雨宮霖盯著人頭氣球,陷入了思索。
情況很糟糕,除了視覺之外,還有特殊的感應能力。
不過,也算是不出預料,如果沒有這種特殊的感應能力,世界這麼大,人頭氣球也沒辦法精準定位,找到目標。
沉吟片刻,雨宮霖問出了一個關鍵的問題。
「如果殺不了輝美,你會死嗎……我的意思是,你會選擇和輝美同歸於盡嗎?」
「會!我誕生的意義就是殺了她!」 【寫到這裡我希望讀者記一下我們域名 超順暢,.任你讀 】
人頭氣球毫無遲疑,聲音斬釘截鐵。
雨宮霖的心往下一沉。
更糟糕了!
儘管它表現出對遭受攻擊的畏懼,但是它的底層邏輯顯然具有更高的優先順序,足以壓倒一切。
一旁的藤野輝美臉色瞬間蒼白。
「我到底做了什麼?」
她聲音發顫,情緒激動地朝人頭氣球質問道。
「讓你寧可同歸於盡也非要殺我不可?我是十惡不赦的罪人嗎?我自問從沒做過什麼傷天害理的事!」
「我要殺你,與你何乾?」
人頭氣球轉向她,語氣漠然,彷彿在陳述一件與天氣般自然的事情。
沒有理由,不容質疑,隻是純粹而單方麵的殺意。
那股冰冷徹骨的惡意猶如實質,壓得藤野輝美一陣暈眩,呼吸都變得困難起來。
「你先去休息吧。」
雨宮霖忽然插話,打破了這令人窒息的氛圍。
「順便幫我倒杯水,我差不多一個多小時沒喝水了。」
他的聲音從容,將藤野輝美從近乎僵直的狀態中喚醒。
藤野輝美捂住胸口,深深吸了口氣,眼神複雜地瞥了一眼窗外那慘白的麵孔,轉身走向廚房。
「讓我們繼續。」
雨宮霖用指甲輕輕敲了敲金屬圍欄,發出「叩叩」的清脆聲響,將人頭氣球集中在藤野輝美身上的注意力拉了回來。
「即便自殺也要殺她——但這應該是最後的手段,對嗎?在此之前,你不僅會避免自殺,也會竭力躲避攻擊。」
雨宮霖仔細分析,突然,問出一個古怪的問題。
「另外……你應該不會漏氣吧?」
「當然不會。」
人頭氣球的目光移回雨宮霖臉上,語氣理所當然。
「我隻是看起來像氣球而已。你該不會……真把我當成普通氣球了吧?」
「至少你的外觀像氣球,材質觸感像氣球,內部結構大概也像氣球。」
雨宮霖平靜地說道。
如果一個東西看著像氣球,摸著也像氣球,那它就是氣球!
「好啦好啦,你還有什麼要問的嗎?沒有的話,就告訴我你的答覆吧?你能保護藤野輝美多久?」
人頭氣球似乎有些不耐煩地晃了晃,它不想回應雨宮霖的這個說法,果斷轉移了話題,向雨宮霖質問道。

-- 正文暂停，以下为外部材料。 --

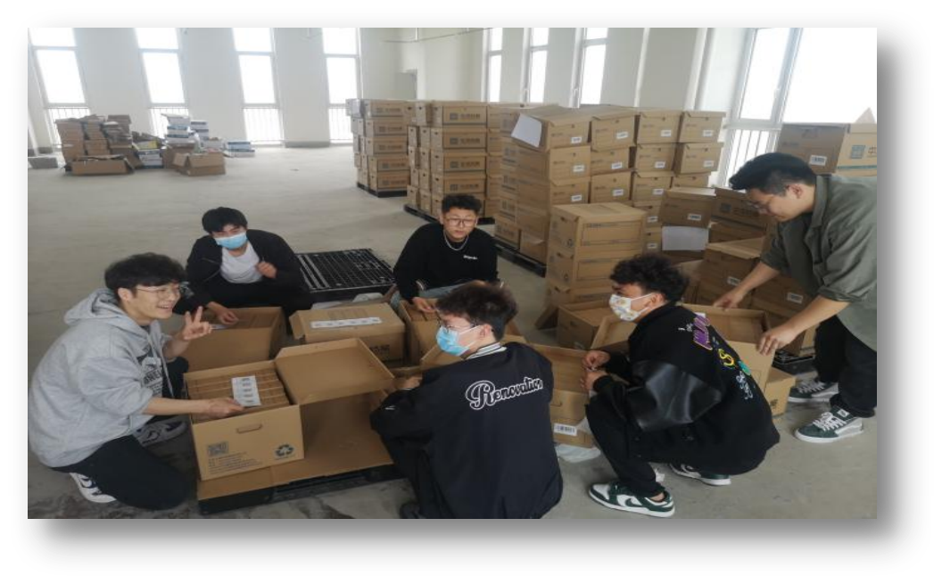 文秘专业同学们对整理后的档案进行扫码和贴码工作

「你雖然是善人,但我不覺得你是能把自己的時間和精力,長久投入到藤野輝美身上的人。說到底,你們本來就是萍水相逢,甚至連朋友也算不上,你隻是單方麵幫助了她,如今又來幫助她,就算放棄繼續幫助她,也沒有人能怪你,藤野輝美本人也不會,否則她就不值得你的幫助。」
就在這時,藤野輝美端著一杯大麥茶從廚房走了出來。她顯然聽到了人頭氣球最後的話語,身子幾不可察地顫了一下,臉色更加蒼白。
她咬著下唇,複雜的目光落在雨宮霖挺直的後背上,整個人散發出一種脆弱的氣息。
正如人頭氣球所說,雨宮霖對她,早已仁至義盡。即便他此刻抽身離去,她也絕無資格心生怨懟。就算因此而死,她也必須對雨宮霖懷有感恩之心。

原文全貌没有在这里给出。